Colour contrast for designers, the Australian guide

The 4.5:1 and 3:1 contrast ratios explained, how to measure them on real screens, and how to keep brand identity intact while passing AA.

Colour contrast ratio illustration.

Colour contrast is the most-failed WCAG criterion across audits we run, and it is also the most fixable. Most failures are decisions made in a Figma file at the start of a brand refresh, then propagated unchanged through the build. This guide covers what the ratios actually mean, how to measure them, and how to keep a brand identity intact while passing AA.

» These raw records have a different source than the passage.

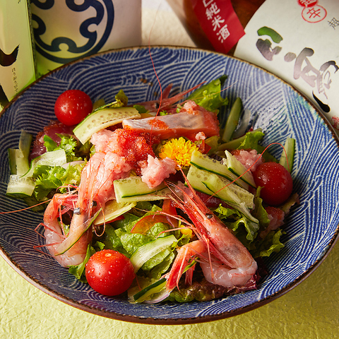 新鮮な旬の海鮮をふんだんに盛り込んだ贅沢サラダ。彩り豊かな野菜と合わせました。見た目も華やかで、女子会や記念日のお食事にもおすすめです。
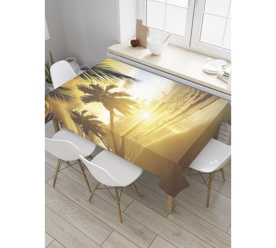 Прямоугольная скатерть JOYARTY Вечерние пальмы над берегом из сатена tc_31265_120x145
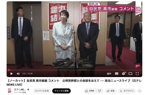 問題の音声が入っていたのは、高市氏が公明党関係者との会談を終え、報道陣の取材に応じる場面をライブ中継していた日本テレビの映像だ。
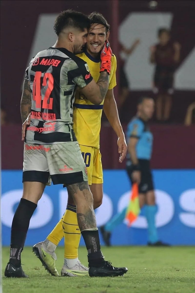 Corría el cuarto minuto de descuento cuando, tras un centro bajo desde la derecha, Cavani la empujó y la pelota dio en el palo izquierdo de Lucas Acosta. Estaba en posición adelantada y todo quedó anulado, pero eso no quita que el uruguayo sumó otra chance clara sin poder convertir. Tras la jugada, el arquero de Lanús se le acercó y le comentó algo al oído.
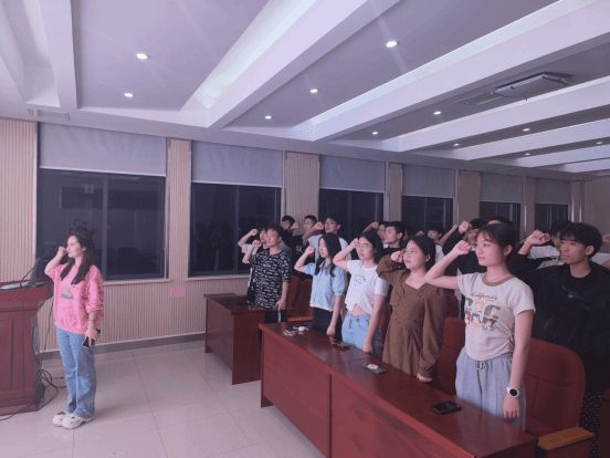 活动伊始,全体同学奏唱共青团团歌,嘹亮的歌声激起了同学们心中爱国敬团的火焰。在团干热孜瓦古力的带领下,团员青年们举起右拳重温入团誓词,他们神情庄重、声音洪亮,展现出青年应有的激情和光荣。同时,在场的不少同学也表达自己感恩生在国旗下,长在春风里,要扎扎实实练真功夫,永葆“闯”的精神,坚定为共产主义奋斗终身的理想信念,共同谱写新时代之下的青春之歌。
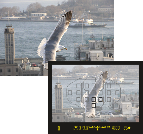 Професионалните и разновидни контроли ви овозможуваат да го контролирате фотоапаратот додека фотографирате. Интелигентниот визир ви овозможува да ги погледнете информациите за фокусот и експозицијата, а LCD екранот од горната страна ви овозможува брзо да ги проверите поставките и брзо да ги прилагодите со задното контролно вртливо копче. LCD екранот на допир со променлив агол ви помага при обликувањето на кадарот на вашите снимки и при фотографирањето од различни агли.
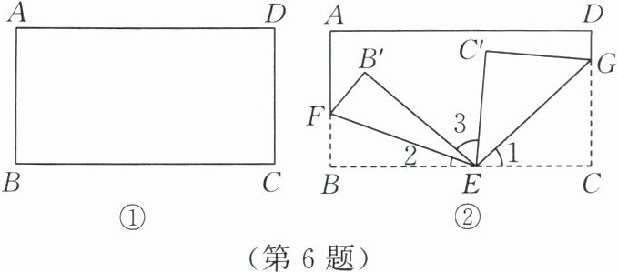 6. 【综合与实践】图①是一张长方形纸片ABCD。如图②,在边AB,BC和CD上分别取点F,E和G,连接EF和EG,并沿EF和EG折叠,使点B落在点B'处,点C落在点C'处。若$∠1= 42^{\circ},∠3= 56^{\circ},$则∠2的度数是
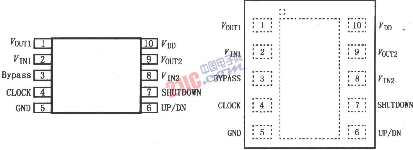 LM4811是雙聲道耳機(jī)放大器,采用5V電源供電,每個(gè)通道能夠輸出105mW連續(xù)平均功率,帶動(dòng)16Ω負(fù)載,總諧波失真及噪聲(THD+N)僅為0.1%。LM4811不需要自舉電容和緩沖器,適于低功率的便攜式系統(tǒng)、蜂窩系統(tǒng)電話以及MP3、CD、DVD播放器等。LM4811采用二線接口控制數(shù)字音量,設(shè)置放大器增益范圍為-33~+12dB,以16級(jí)離散步長(zhǎng)控制。LM4811有一個(gè)外部控制端,產(chǎn)生有效高電平關(guān)斷模式,使之在微功耗下工作,還有一個(gè)內(nèi)部熱關(guān)斷保護(hù)機(jī)構(gòu)。LM4811的引腳排列如圖所示。

The two ratios you need to know

WCAG 1.4.3 Contrast (Minimum) at AA requires:

  • 4.5 to 1 for normal-size text (under 18 point regular, or under 14 point bold).
  • 3 to 1 for large text (18 point regular and above, or 14 point bold and above) and for non-text user-interface components such as buttons, form borders, focus indicators and icons that convey meaning.

WCAG 1.4.6 Contrast (Enhanced) at AAA raises these to 7:1 and 4.5:1 respectively. Most public services target AA; sites for audiences with high low-vision rates (aged-care, disability advocacy) often target AAA.

What contrast ratio actually measures

The ratio is calculated from the relative luminance of two colours, where luminance is a weighted sum of the gamma-corrected red, green and blue channels. Pure black on pure white scores 21:1. Identical colours score 1:1. The ratio is symmetric: light text on dark background and dark text on light background give the same number.

Measuring contrast on real screens

The Figma plugin "Stark" or "A11y Color Contrast" gives you ratios inside design files. The Chrome DevTools Colour Picker shows ratios live on a deployed site. Mac built-in Digital Color Meter plus a manual ratio calculator works for video and PDF.

The trap: the value shown in your design tool is calculated from the source colour values, not from what actually renders on screen. On low-end laptops, colour temperature shifts, non-sRGB displays, and OS dark-mode invert filters can shift effective contrast by 10 to 15 percent. Always validate on at least one secondary device.

Keeping brand identity intact at AA

Most "we cannot pass AA without ruining the brand" objections fail under inspection. The real constraints are usually three colours: a brand primary used as a button background, a brand secondary used for muted text, and a brand accent used for icons.

Brand primary as button background

If your brand primary is a mid-tone colour (most are), pair it with white text. Most mid-tone brand colours pass 4.5:1 against white. If your primary is yellow, pale green, light blue or anything with high luminance, pair it with dark text instead.

Brand secondary as muted body text

This is where most sites fail. A "muted grey" set at #999999 on white gives 2.85:1, which fails. Adjust to #767676 for 4.54:1 or #6e6e6e for 5:1. The visual difference at body-text size is barely perceptible; the contrast difference is large.

Brand accent on coloured backgrounds

Icons that convey meaning (success ticks, warning triangles, error crosses) need 3:1 against their background. A pale-pink error on white scores under 3:1; a deep-red error scores well above. Deeper accent colours generally pass without redesign work.

Working pattern, brand-safe

Establish two derived shades for every brand colour: one with at least 4.5:1 against white, one with at least 4.5:1 against your darkest brand background. Use the original brand colour for decorative use only (large illustrations, hero panels, brand marks above 18 point), and use the derived shades anywhere text or interactive components meet that colour.

Three patterns that pass AA without compromise

Inverse text on saturated brand

White text on a saturated brand button works for almost any mid-tone hue. Confirm 4.5:1 with a checker, but most blues, greens, purples and reds pass.

Dark text on tint backgrounds

Use a 5 percent or 10 percent tint of your brand colour as a panel background. With your standard body-text dark grey on top, contrast usually exceeds 7:1 and the brand identity is still present.

Outline rather than fill

Where a brand colour is too light to host text at AA, use it as a 2-pixel border or outline rather than a fill. The control reads as branded; the text inside sits on white at full contrast.

Common failure cases on Australian sites

  • Pale-grey placeholder text in form fields. Default browser placeholders typically render at 1.6:1 to 2:1.
  • Light-grey "ghost" buttons used for secondary actions. Often 2:1 to 2.5:1.
  • Disabled-state buttons using brand colour at 40 percent opacity. Disabled controls are exempt from contrast at WCAG 2.1, but reasonable contrast supports cognitive accessibility for users with limited vision.
  • Footer text in dark grey on charcoal background. Usually fails by 0.3 to 0.5 ratio points; small adjustment fixes it.